ValueError: weight is on the meta device, we need a `value` to put in on 0.
I get the following error while running the example code given in the model card without changing anything.
Traceback (most recent call last):
File "/data2/dinura/dinura/MultilingualLLM/Llava-Bench/eval-GLM-4-9B.py", line 176, in <module>
model = Blip2ForConditionalGeneration.from_pretrained("Gregor/mblip-bloomz-7b", device_map="auto")
^^^^^^^^^^^^^^^^^^^^^^^^^^^^^^^^^^^^^^^^^^^^^^^^^^^^^^^^^^^^^^^^^^^^^^^^^^^^^^^^^^^^^^^^^^
File "/home/fahad/anaconda3/envs/dinllm/lib/python3.11/site-packages/transformers/modeling_utils.py", line 4049, in from_pretrained
dispatch_model(model, **device_map_kwargs)

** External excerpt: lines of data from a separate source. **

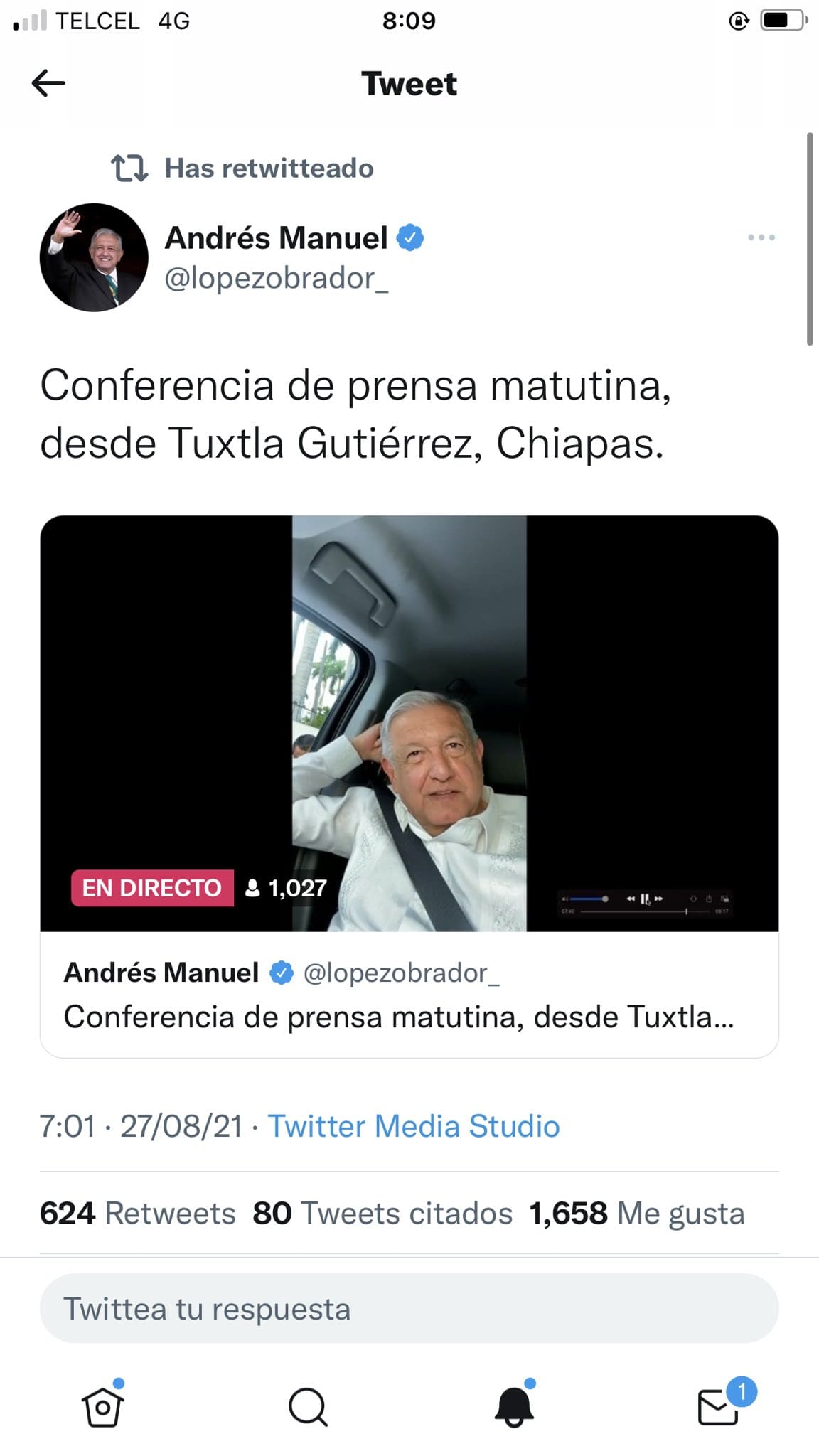 También pidió que se le deje continuar su gira por Chiapas y al término del videomensaje del presidente López Obrador se concluyó la transmisión de la mañanera.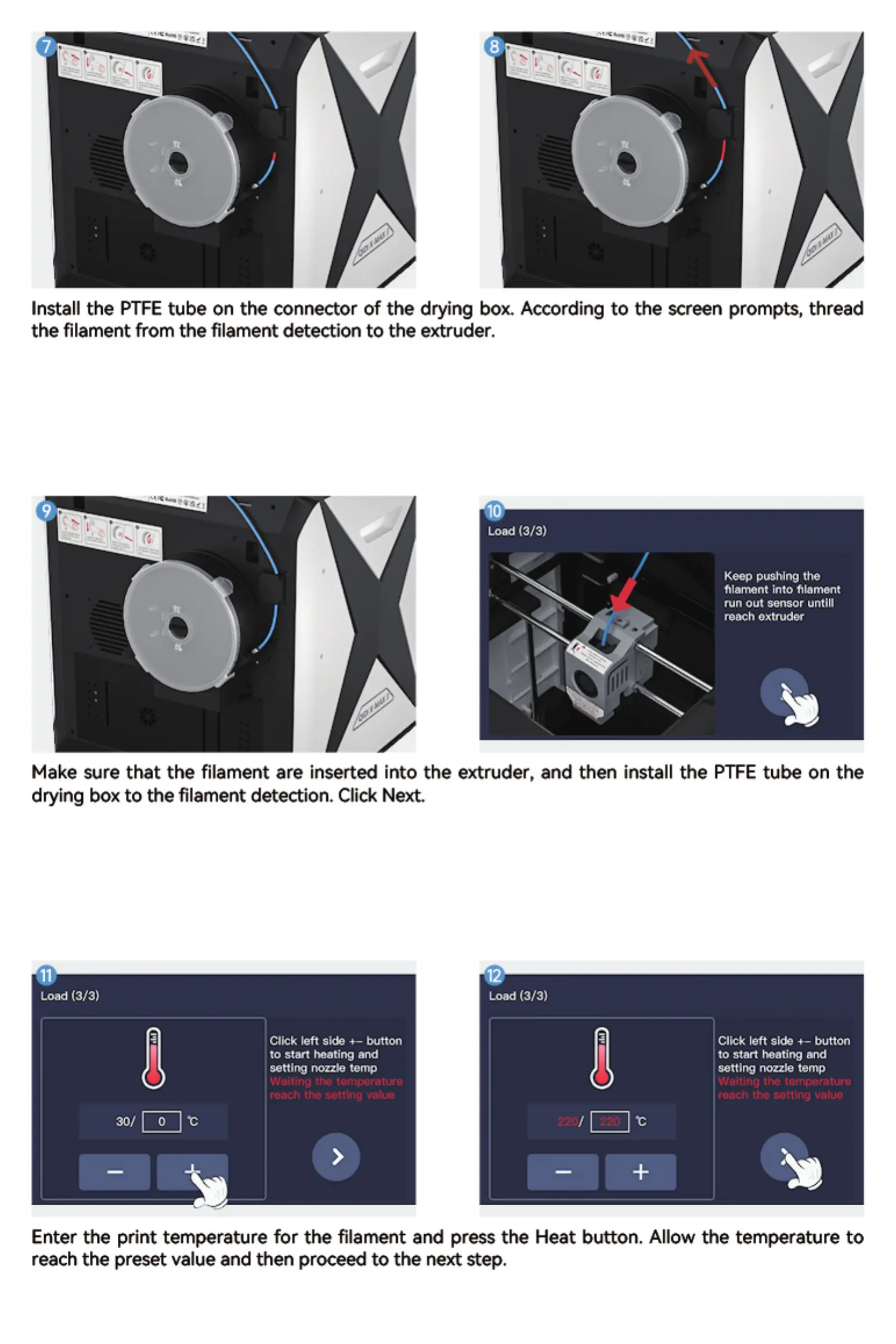 Install the PTFE tube on the connector of the drying box. According to the screen prompts, thread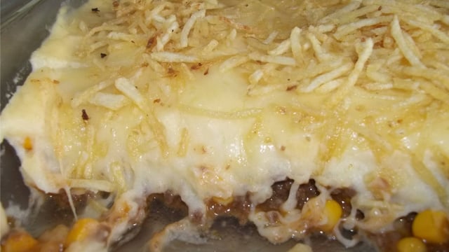Em um refratário coloque uma pequena camada de purê depois coloque toda a carne cubra com fatias de mussarela e coloque o resto do purê, por último coloques mussarela cortadas em tiras e a batata palha.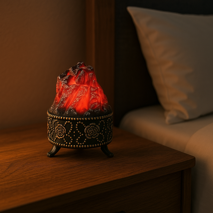 طراحی این چراغ خواب به گونهای است که شعلههای آتش را شبیهسازی میکند. نور قرمز متحرک آن با افکت شعله، حس گرما و صمیمیت یک شومینه واقعی را منتقل میکند؛ بدون خطر آتش یا مصرف انرژی بالا.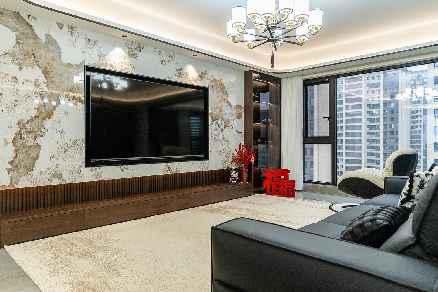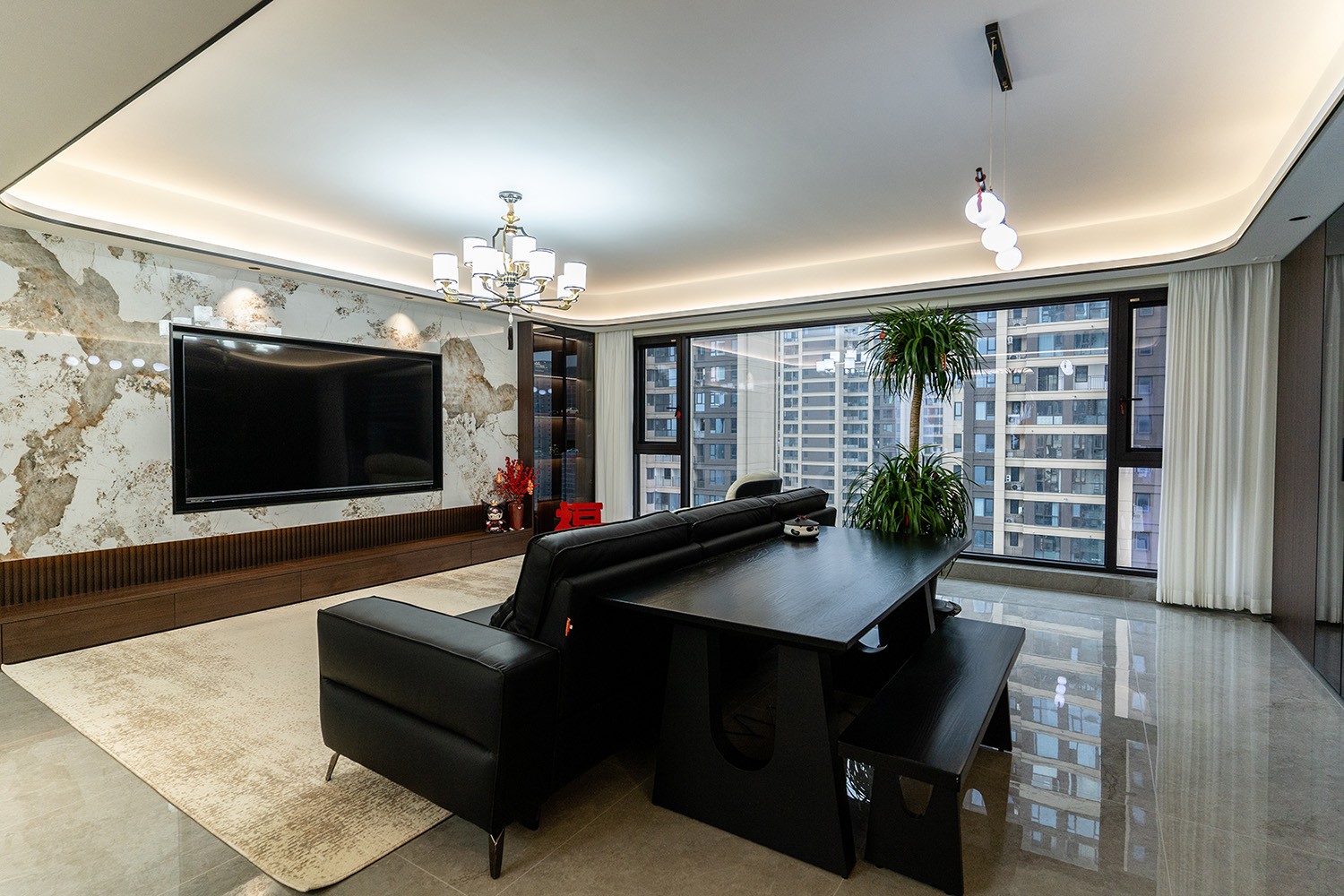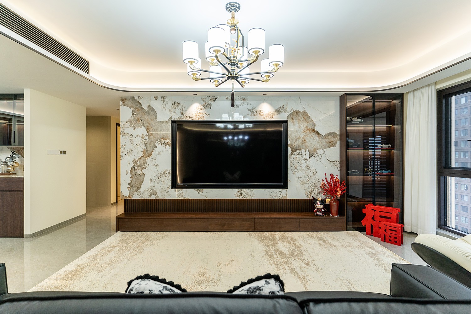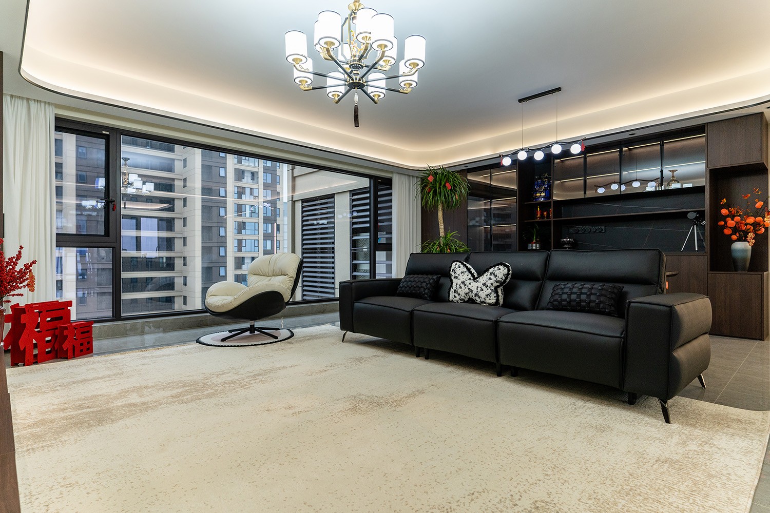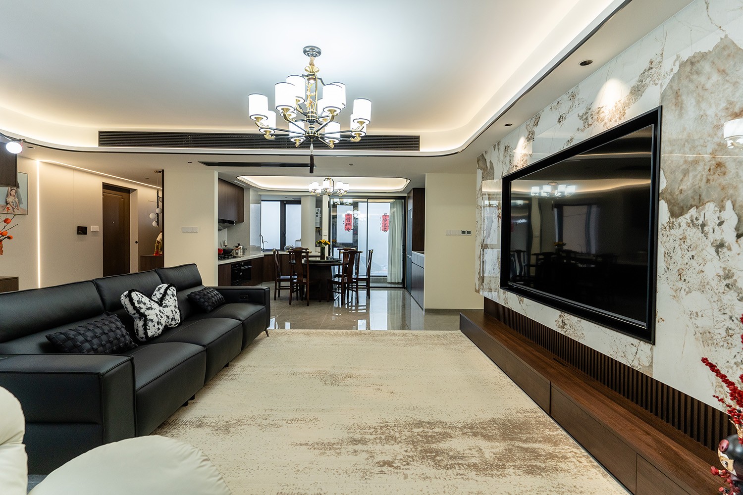 新中式風(fēng)格是東方哲學(xué)與現(xiàn)代生活的詩意融合。它不拘泥于符號的堆砌,而是通過對空間意境的營造、材質(zhì)肌理的對話與文化神韻的提煉,構(gòu)筑一個(gè)沉穩(wěn)大氣、清雅含蓄的居住空間。本案以建發(fā)央著142平米的改善型戶型為載體,深度解析如何將傳統(tǒng)文脈的精髓,轉(zhuǎn)化為一個(gè)可供當(dāng)代家族棲居、傳承與品鑒的雅致家園。 本案的核心設(shè)計(jì)理念是 “古韻今形,心居合一” 。旨在讓傳統(tǒng)的東方美學(xué),以一種更符合現(xiàn)代人生活習(xí)慣與審美的方式“活化”于空間之中。設(shè)計(jì)摒棄繁復(fù)雕飾,轉(zhuǎn)而通過留白的智慧、框景的手法、天然材質(zhì)的并置,于無形中勾勒出東方意蘊(yùn)。最終營造的,是一個(gè)能讓身心沉靜、讓家族情感凝聚的“文化容器”與“精神家園”。

File "/home/fahad/anaconda3/envs/dinllm/lib/python3.11/site-packages/accelerate/big_modeling.py", line 419, in dispatch_model
attach_align_device_hook_on_blocks(
File "/home/fahad/anaconda3/envs/dinllm/lib/python3.11/site-packages/accelerate/hooks.py", line 648, in attach_align_device_hook_on_blocks
attach_align_device_hook_on_blocks(
File "/home/fahad/anaconda3/envs/dinllm/lib/python3.11/site-packages/accelerate/hooks.py", line 648, in attach_align_device_hook_on_blocks
attach_align_device_hook_on_blocks(
File "/home/fahad/anaconda3/envs/dinllm/lib/python3.11/site-packages/accelerate/hooks.py", line 648, in attach_align_device_hook_on_blocks
attach_align_device_hook_on_blocks(
File "/home/fahad/anaconda3/envs/dinllm/lib/python3.11/site-packages/accelerate/hooks.py", line 608, in attach_align_device_hook_on_blocks
add_hook_to_module(module, hook)
File "/home/fahad/anaconda3/envs/dinllm/lib/python3.11/site-packages/accelerate/hooks.py", line 157, in add_hook_to_module
module = hook.init_hook(module)
^^^^^^^^^^^^^^^^^^^^^^
File "/home/fahad/anaconda3/envs/dinllm/lib/python3.11/site-packages/accelerate/hooks.py", line 275, in init_hook
set_module_tensor_to_device(module, name, self.execution_device, tied_params_map=self.tied_params_map)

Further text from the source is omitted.